Com o DJ em ação e uma pausa nos músicos, Chuck D e B-Real continuam em
cena cantando suas origens com Public Enemy e Cypress Hill, no retorno ao palco
mais uma sequencia de Raiva Contra a Maquina incluindo “Bulls on a Parade”,
“Bullet in The Head” e finalizando com “Killing In The Name”. Bom? Sim e muito mas não confundam com o RATM
como muita gente está dizendo por aí, que foi ao show da banda e tal. O Prophets é muito bom mas o Rage para no nome,
a furia de suas músicas não é a mesma exibida com Zack De La Rocha empunhando o
microfone e quem já teve a oportunidade de assistir o Rage Against The Machine
em versão original sabe do que estamos falando.
Lembrando que não há muito o quarteto passeou pelo mundo e a visita
incluiu o Brasil.
![]() |
| Clutch |
Quem realmente chuta
tudo e oferece um show a cada vez que visita o festival é o Clutch
e dessa vez não foi diferente. O palco
Valley lotou e os problemas com relação ao fosso de fotógrafos se repetiu, é
obvio. Sem problemas, nada que uma visão
geral e por detrás da mesa de som não solucionasse. Foi uma verdadeira aula de rock que incluiu
temas como “Burning Beard” e “Profits of Doom” e mais uma dúzia que ficou pela
estrada. Enquanto o Linkin Park tocava seu
pop para os nostálgicos mais jovens o Every Time I Die fazia um grande
show e com vocalistas improvisados já que Keith Buckley teve um problema
familiar e teve que retornar a casa.
Nada que o vocalista do Trap Them não pudesse solucionar e bem na
primeira dezena de temas e logo sendo substituido por Jeremy DePoyster do grupo
The Devil Wears Prada. Finalizaram
apresentação com “We’re Wolf” e uma centena de pessoas no palco.
Com o Every Time I Die
poderia ter sido o final apoteótico ao palco Warzone e porque não do
festival.

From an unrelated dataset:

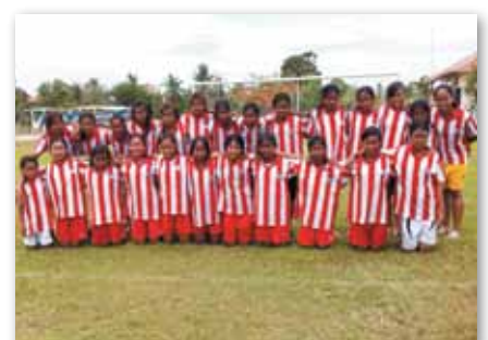
The Cambodian Under13 National Team in the strip supplied by Northbridge FC.

Mas dois compromissos nos
dividia. De um lado os pesos pesados Slayer
e do outro lado The Dillinger Escape Plan. Diante da duvida passeamos pelos dois. Fizemos as fotos do Slayer, curtimos três
músicas em terra. Subimos na roda gigante
e lá de cima assistimos as duas apresentações de forma simultânea. De um lado “Seasons in the Abyss”, “South of
Heaven” e “Rainning Blood”, do outro “One of Us is the Killer” e “Happiness is
a Smile”. Ao finalizar o passeio pela
grande roda, assistimos em terra como o Dillinger finalizava sua apresentação
com “Limerent Death” e “43% Burnt” e chegou a hora, o Hellfest 2017 já era
historia. Corremos, sorrimos, suamos,
vibramos, nos cansamos, nos aborrecemos algumas vezes porque ali dentro nem
tudo é alegria mas ao chegar em casa temos aquela sensação de dever cumprido e
sonho realizado por um ano mais.
Hellfest 2018: 22, 23 e 24 de Junho. Ali estaremos, não tenham duvidas.